Masters of Health Magazine March 2019 | Page 16

During my years of private practise I noticed many repeated correlations between mental attitudes, emotions, bodily signs and responsive symptoms we refer to as illness. There seemed to a consistent mental – physical coding, a connection between the mind and the body. Everything you perceive actually impacts your physiology and your physiology reveals your psychology.

I define illness as the result of an imbalanced perspective and wellness as one of a balanced perspective. Wellness means wholeness. Illness means ‘halfness’. If you perceive you are receiving more support than challenge or more challenge than support, you get illness. If you see a synchronicity of support and challenge simultaneously, you get wellness.

Your mind, through its value system, filters your sensory reality and motor actions. Every time you go through life and exaggerate or minimize (lop-side) your thinking you are creating physiology labelled as illness.

Illness creates symptoms as a feedback system to your conscious mind to let you know that you have one or more lopsided perceptions. The second you balance your perceptions, your physiology changes and you return to wellness.

So you can see that your perceptions play a pivotal role in your wellbeing.

When you perceive an event to be supportive of you or your highest values, you will tend to open up to it. When you perceive an event to be challenging to you or your highest values you will tend to close down to it. This has an impact on your metabolism and your physiology. It is then turned on or off accordingly depending on the initial perceptions of support or challenge.

GLUCOSE LEVELS

If you feel depressed and you perceive the world is not supporting you, your metabolic rate will tend to slow down. Your glucose can also go down and you may end up with low blood sugar.

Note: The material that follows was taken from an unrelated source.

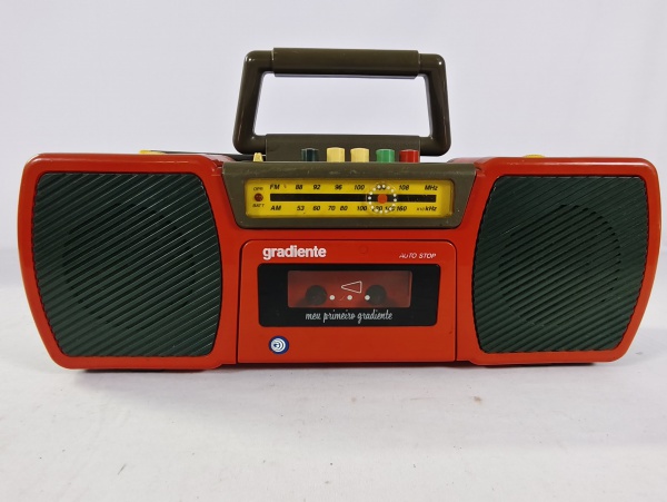 • Antigo rádio da década de 80 "Meu primeiro Gradiente", gravador e reprodutor de fita cassete e rádio AM/FM, item liga ao por na tomada porém não testamos suas funcionalidades

Psychological perceptions also correlate with high or low pancreatic function. People with hypoglycaemia have low blood sugar. Hypoglycaemics tend to minimize themselves to others and often think that they are wrong and other people are right. They will often do what you tell them to do.

People with diabetes, on the other hand, have high blood sugar and are hyperglycaemic. They tend to maximize themselves to others and tend to think that they are always right and often display what we perceive as arrogance. They are not easy to tell what to do and they have their own way of doing things.

THYROID FUNCTION

The same principle applies to hyper and hypo thyroid. Your thyroid gland originates from your tongue embryologically. This is why its function has a direct correlation with your metabolic rate because the tongue deals with chewing, eating, swallowing and speaking.

If you feel like you have said something you wish you hadn’t, your thyroid function tends to go up. If you are not saying something you wish you could, your thyroid function tends to go down and your metabolic rate drops. That is why hypo-thyroids are often listless, quiet and don’t speak much. They tend to hold in a lot of resentment and they hold in what they really want to say. The hyper-thyroids tend to talk and speak and are generally more outgoing and extroverted. These physiological polarities are as a result of imbalanced perceptions and you are literally affecting your physiology with your perceptions.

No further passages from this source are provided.